I've been visiting my Grandmother with my Mom this week. She teaches me many new things and reminds me of many things I've learned before:
Be vigilant with patience. You can never be too patient around her.
It's okay to feel what you want to feel but don't be consumed by it. She has overcome so much in her life and I hope she can be happy about that. I'm certainly proud of her.
Be compassionate and kind above all else. Let the people you love let know you love them and love spending time with them.
I am lucky and blessed to still have my Grammie. I treasure the time I've gotten to spend with her on this trip and throughout my whole life. I am very thankful to bond with my Mother as well. It has been a wonderful time, one which I hope to remember forever.
Lately from them and from some other people in my life, I have been hearing alot of "I really enjoy being with you." And "I'm so happy you came." And other similar things.
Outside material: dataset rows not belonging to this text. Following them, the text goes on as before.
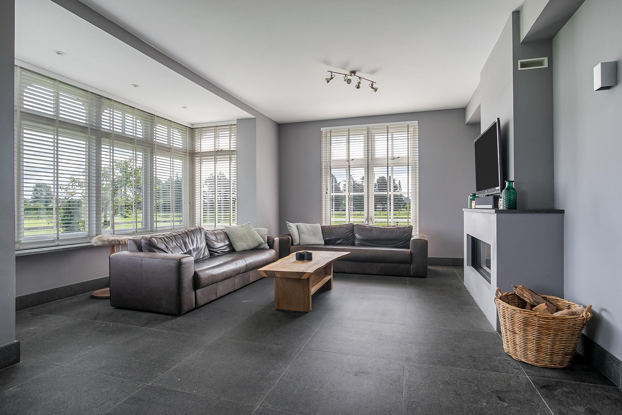 De overdekte entree met een dubbele openslaande voordeur, geeft deze villa een fraaie uitstraling. De ruime ontvangsthal met imposante houten trap biedt toegang tot de woonkamer en de 1e verdieping. De hal is voorzien van een natuurstenen tegelvloer, stucwerk wanden en een stucwerk plafond. De royale leefkeuken met eetkamergedeelte is voorzien van een natuurstenen tegelvloer, stucwerk wanden en een stucwerk plafond met inbouwverlichting. De keuken beschikt over een inrichting in een wandopstelling met apparatenwand en een kook- en spoeleiland. De apparatenwand is verder uitgerust met een oven, koffiezetapparaat, een stoomoven en een koelkast. Het eiland beschikt over een 5-pits gaskookplaat met ingebouwde afzuigkap in het plafond, een spoelbak en een vaatwasser. Diverse kastjes en lades zorgen voor veel opbergruimte. Een grote erker/uitbouw met openslaande deuren zorgen voor toegang naar de tuin. De vele raampartijen zorgen voor veel natuurlijke lichtinval. Een haard zorgt voor extra sfeer en warmte in de ruimte. Vanuit de woonkamer is er een fraai uitzicht op de paardenweides. En ook hier zorgen grote raampartijen en dubbele openslaande deuren voor een zee van licht. Daarnaast is er een prachtige, grote schouw aanwezig met een gashaard welke zorgt voor nog extra sfeer en warmte in de ruimte. Schuifdeuren zorgen dat de woonkamer afgesloten kan worden van de keuken/eetgedeelte. Halfronde openslaande deuren in de zijgevel van de woning zorgen voor toegang tot het voorhuis. De ruime entreehal biedt toegang tot de bijkeuken/wasruimte, woonkamer, toiletruimte en de meterkast. De bijkeuken/wasruimte is uitgerust met een gootsteen. Tevens zijn hier de aansluitingen voor de wasapparatuur gesitueerd. Vanuit hier is er toegang tot de kantoor/werkkamer. De kantoorruimte is een fijne ruimte welke uiteraard voor diverse doeleinden geschikt is, zoals bijvoorbeeld een speelkamer of chillroom.
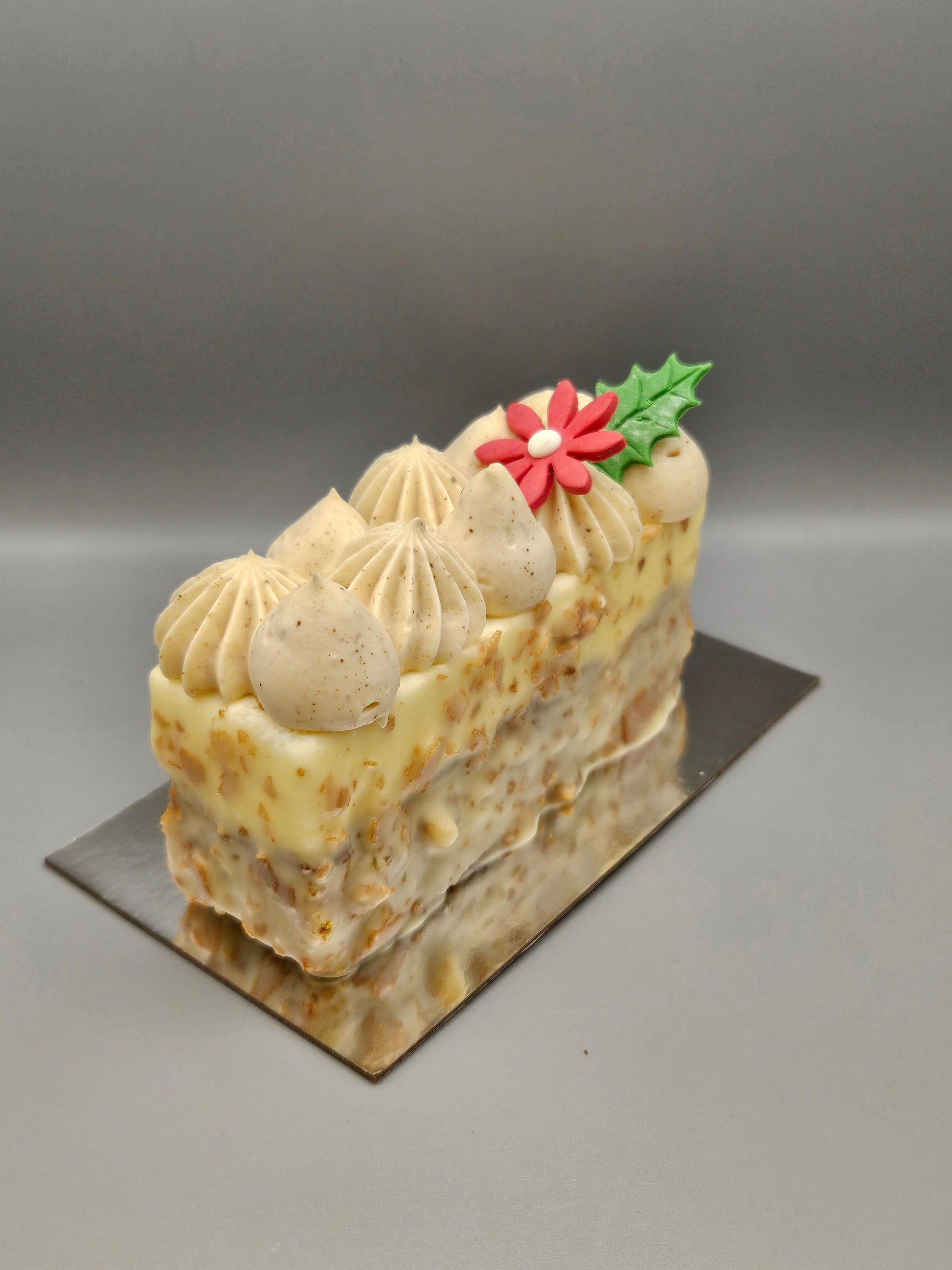 A layer of carrot cake, vanilla cheesecake mousse, topped with a cinnamon chantilly, and dipped in a white chocolate.
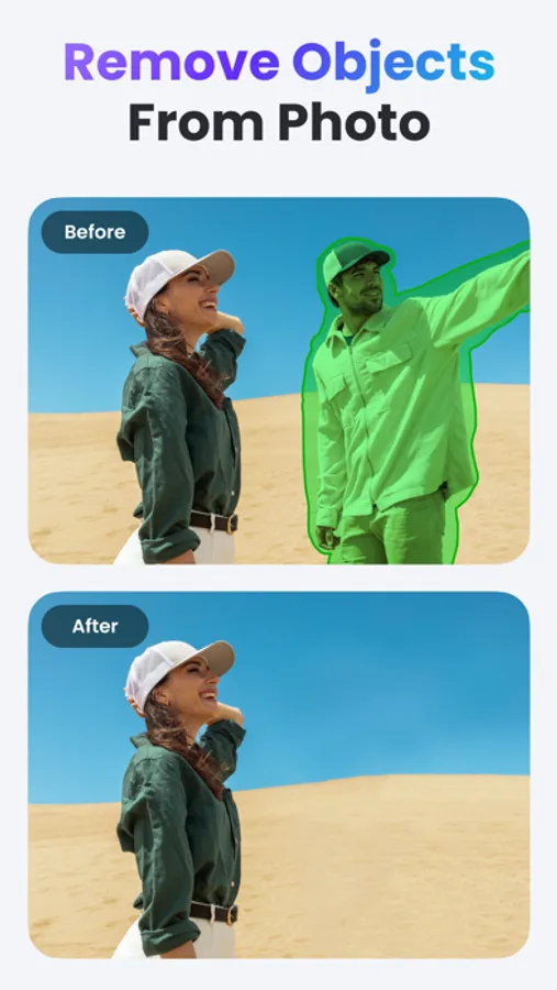 - Instantly remove unwanted objects in your photos with magic eraser.
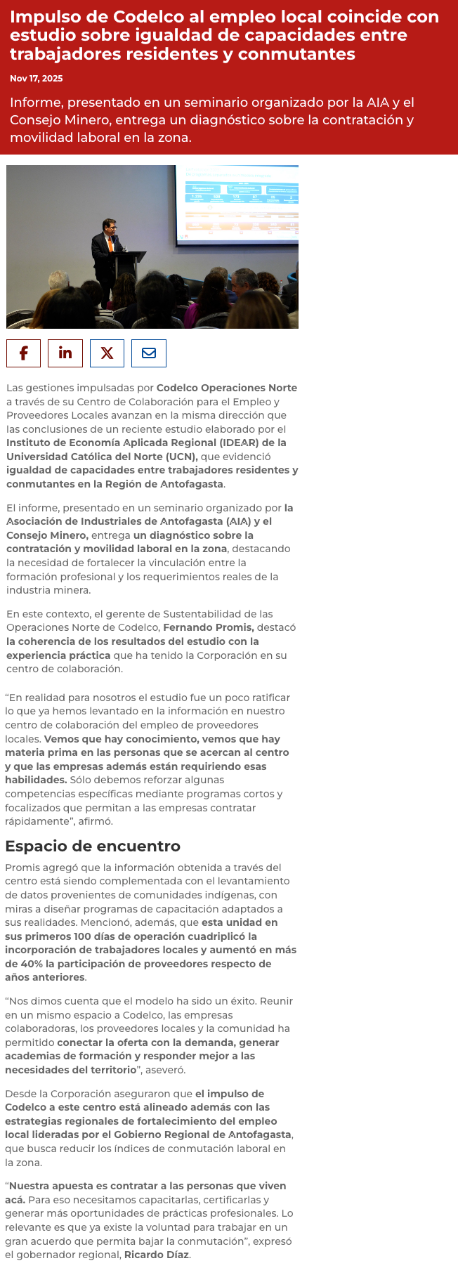 Codelco impulsa iniciativas para reducir los índices de conmutación laboral en Antofagasta - (soyantofagasta)

Initially I always feel surprised by it due to some negative experiences I've had where people have told me otherwise... but it is beginning to sink in that I am a good friend and person and I do make other peoples' lives better by expressing my care. I am warmed by this beautiful feeling of welcomeness and love. It helps me see that this world isn't such a dark place after all. Something I need to remember, especially before such a difficult day for me.
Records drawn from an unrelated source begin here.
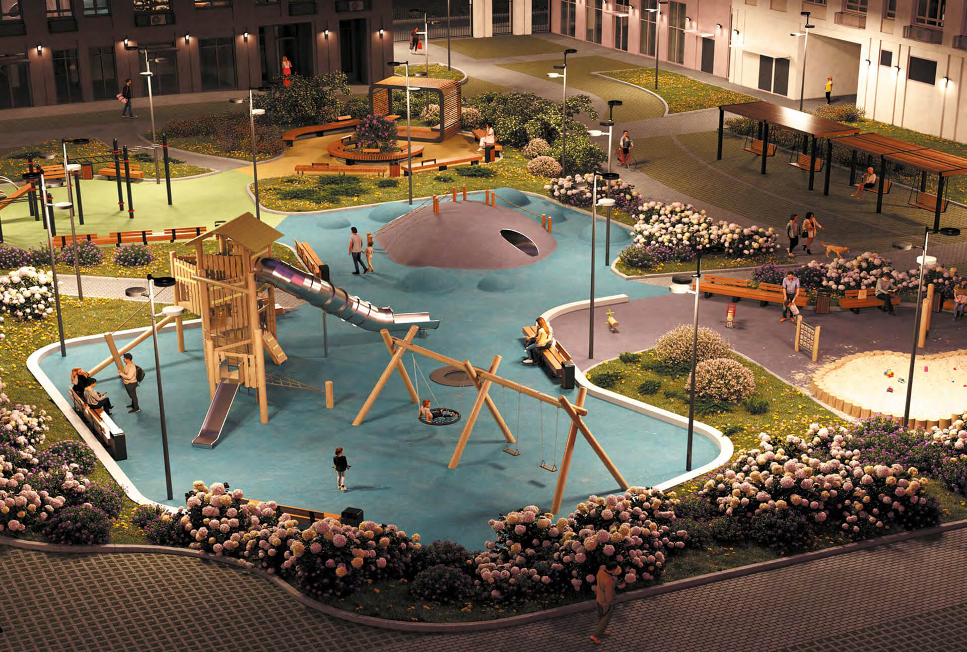 Для самых маленьких предусмотрена специализированная игровая площадка с мягким покрытием, песочницей и качелями. Детям постарше понравится многофункциональный игровой комплекс, а взрослые оценят современный воркаут и зоны отдыха с дизайнерской мебелью. Пространство организовано так, чтобы каждый нашёл место по интересам: будь то утренние тренировки, семейные прогулки или вечернее общение в беседке.
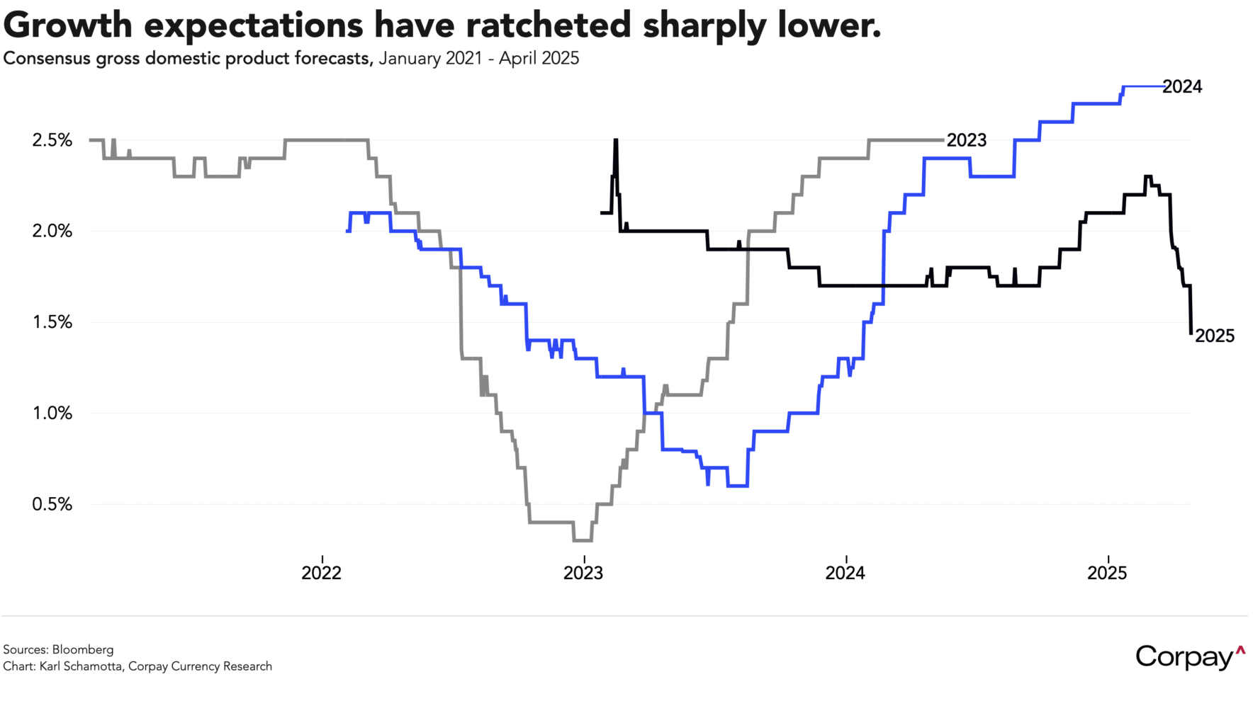 Ahead today, two major US data releases could add to the confusion surrounding prevailing economic conditions. The closely-watched Job Openings and Labor Turnover report is expected to show the layoff rate staying low and vacancies continuing to edge down, suggesting that labour markets remained relatively healthy in March. The Conference Board’s April consumer confidence report, in contrast, is likely to exhibit serious trade war scarring, with households reporting a sharp erosion in views on the future. Policy uncertainty soared during the survey period, and could be reflected in a greater-than-4-point drop in the headline print from the prior month’s 92.9 level. Overall growth expectations for 2025 have fallen dramatically in the last two months.
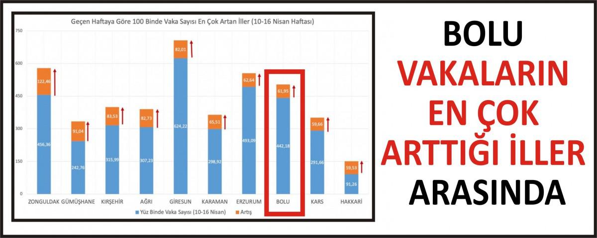 Sağlık Bakanı Fahrettin Koca'nın açıklaması şu şekilde: "Geçen haftaya göre 100 bin nüfusa karşılık gelen haftalık vaka sayısı en çok artan illerimiz; Zonguldak, Gümüşhane, Kırşehir, Ağrı ve Giresun. En çok azalan illerimiz ise, Yalova, Kastamonu, Çanakkale, Samsun ve Yozgat."
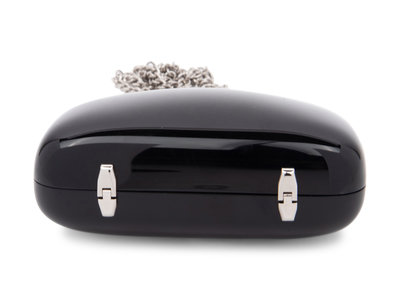 Black plastic bag with logo and Camelia flower backed with metallic leather. The bag retains its original retail tags with a listed price of $1,895.

Had a great weekend on the west side. I miss my coworkers. It was nice hanging out with some of them at the baby shower. I really miss M most of all, honestly. Every time I talk to M I feel reassured that I was good at my job. If only they didn't leave and could have been in my corner... maybe I wouldn't have left.
I loved driving that little hatchback rental car. It was so fun and fast and responsive to my touch. I love my car, don't get me wrong... I just would love for it to pickup a little faster.